◆ **Exercise objective**
The answer consists of one number: how many lines of the data below include the string "that".

◆ **Information shown**
----

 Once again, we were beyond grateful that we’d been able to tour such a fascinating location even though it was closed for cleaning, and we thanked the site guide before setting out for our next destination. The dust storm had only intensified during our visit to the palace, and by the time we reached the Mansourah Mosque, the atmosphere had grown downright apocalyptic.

----

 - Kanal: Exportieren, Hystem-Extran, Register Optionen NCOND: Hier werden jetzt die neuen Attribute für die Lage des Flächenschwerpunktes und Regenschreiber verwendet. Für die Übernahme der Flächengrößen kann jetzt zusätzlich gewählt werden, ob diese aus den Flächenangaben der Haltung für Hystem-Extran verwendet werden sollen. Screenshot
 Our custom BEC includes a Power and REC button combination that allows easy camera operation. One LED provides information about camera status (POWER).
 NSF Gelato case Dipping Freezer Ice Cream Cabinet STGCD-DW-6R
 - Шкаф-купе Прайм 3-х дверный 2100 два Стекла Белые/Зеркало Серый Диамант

----

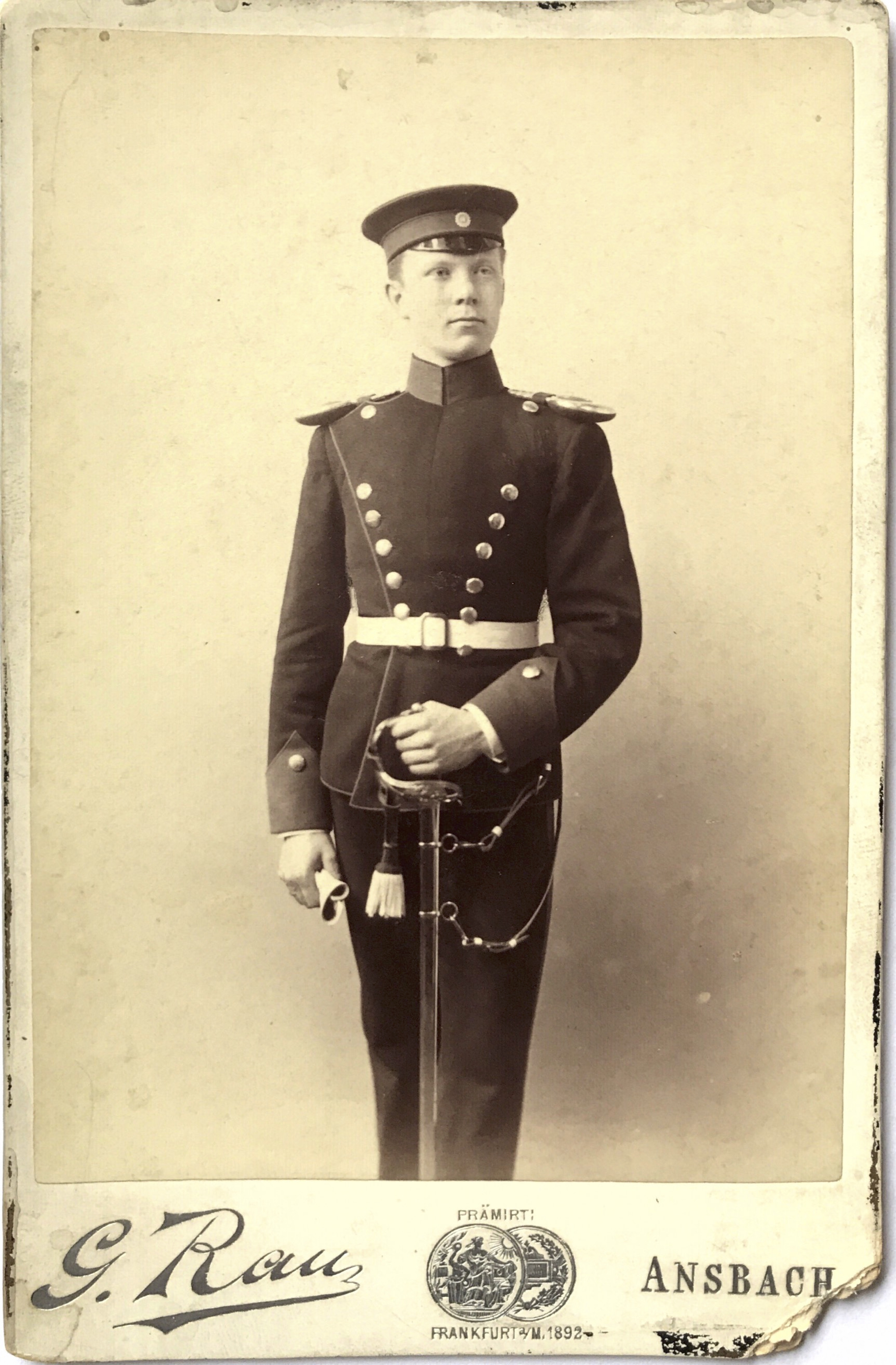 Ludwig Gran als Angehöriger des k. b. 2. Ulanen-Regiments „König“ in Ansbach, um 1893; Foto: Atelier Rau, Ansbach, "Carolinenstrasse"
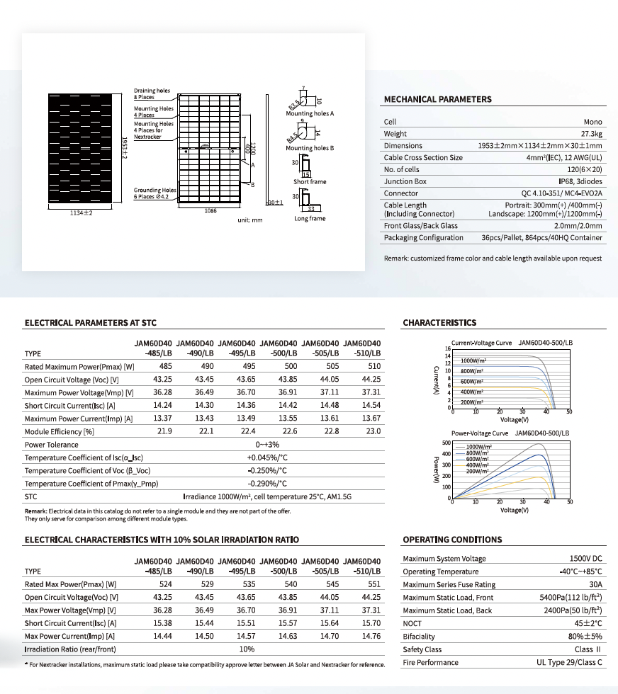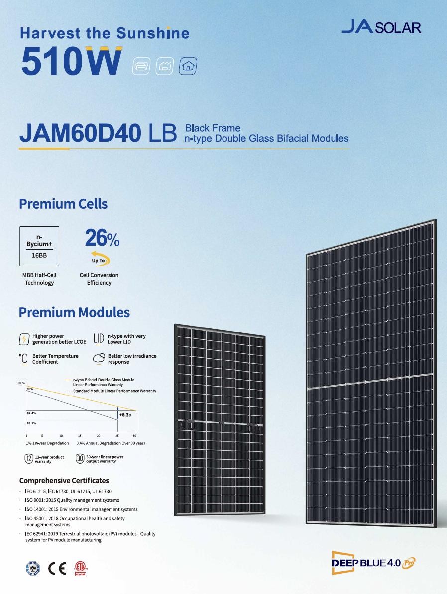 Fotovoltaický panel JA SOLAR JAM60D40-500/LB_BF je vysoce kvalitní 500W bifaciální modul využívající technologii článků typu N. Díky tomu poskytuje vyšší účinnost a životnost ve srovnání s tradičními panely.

----

◆ **Result of the exercise**
2